Roller coaster
Time limit:1000/1000 MS (java/others) Memory limit:32768/32768 K (java/others)
Total submission (s): 11509 Accepted Submission (s): 5066
Problem DESCRIPTIONRPG girls today and everyone to the amusement park to play, finally can sit on the dream of the roller coaster. However, there are only two seats in each row of the roller coaster, and there is an unwritten rule that every girl must find a boy to do partner and sit with her. However, every girl has their own ideas, for example, rabbit just willing and xhd or pqk do partner,grass just willing and linle or ll do partner,princesssnow willing and water prodigal or pseudo-queer do partner. Considering the financial problems, boss Liu decided to just let people find partner to ride the roller coaster, other people, hehe, stand in the following look at it. Smart Acmer, can you help calculate the maximum number of combinations that can be on a roller coaster?

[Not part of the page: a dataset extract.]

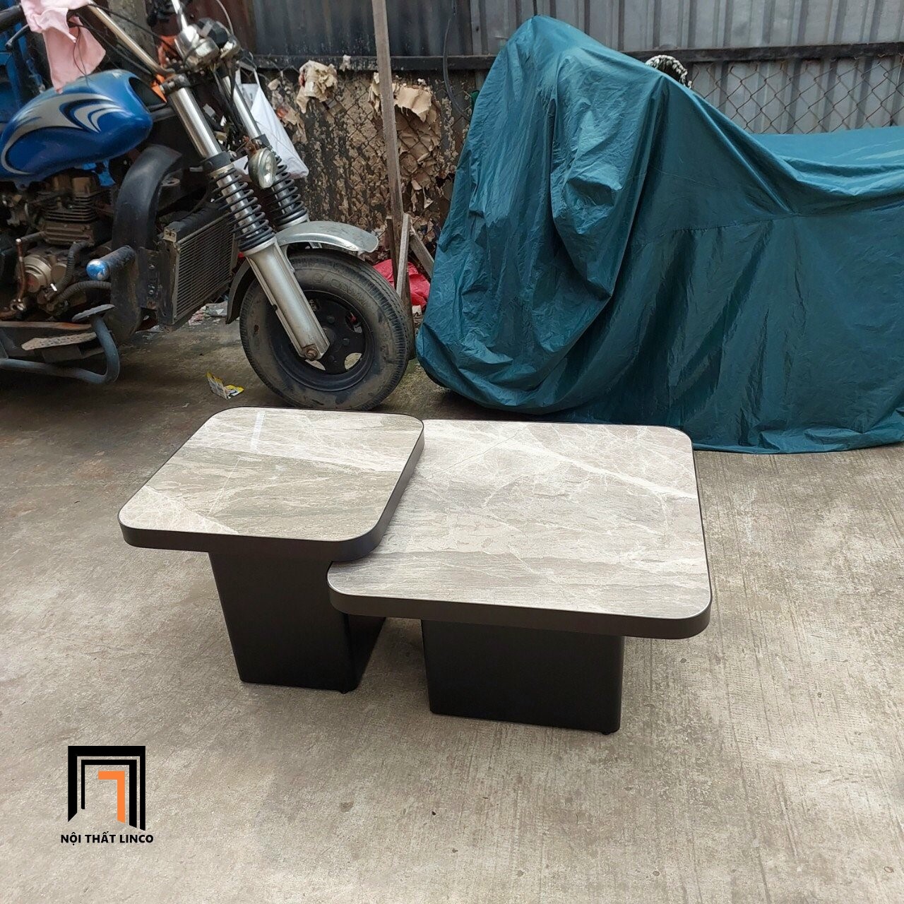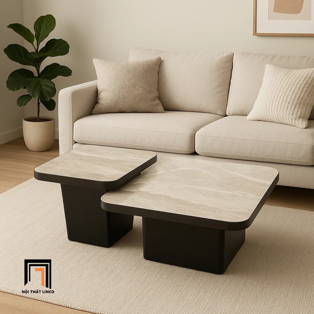 C5 Cặp 2 bàn sofa đá ceramic vuông BTPK90 Trivoli khung chân sắt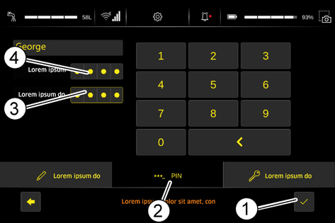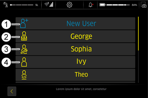Each user can be granted or denied permissions for various device functions via the touch screen of the device.

The first line of input data is three integers k, M, N, each representing the number of possible combinations, the number of girls, and the number of males. 0<k<=1000
1<=n and m<=500. The next K-line, each line has two numbers, respectively, the female AI is willing to and boys BJ do partner. Last 0 end input.
Output for each set of data, outputs an integer that represents the maximum number of combinations that can be seated on a roller coaster.
Sample Input
6 3 31 11 21 32 12 33 10
Sample Output
3
Authorprincesssnow
SOURCERPG Practice Competition
Problem Solving Ideas:
It feels like the Hungarian algorithm is similar to the algorithm for maximum flow, and each time it goes to the augmented path to get a lot of other "returns".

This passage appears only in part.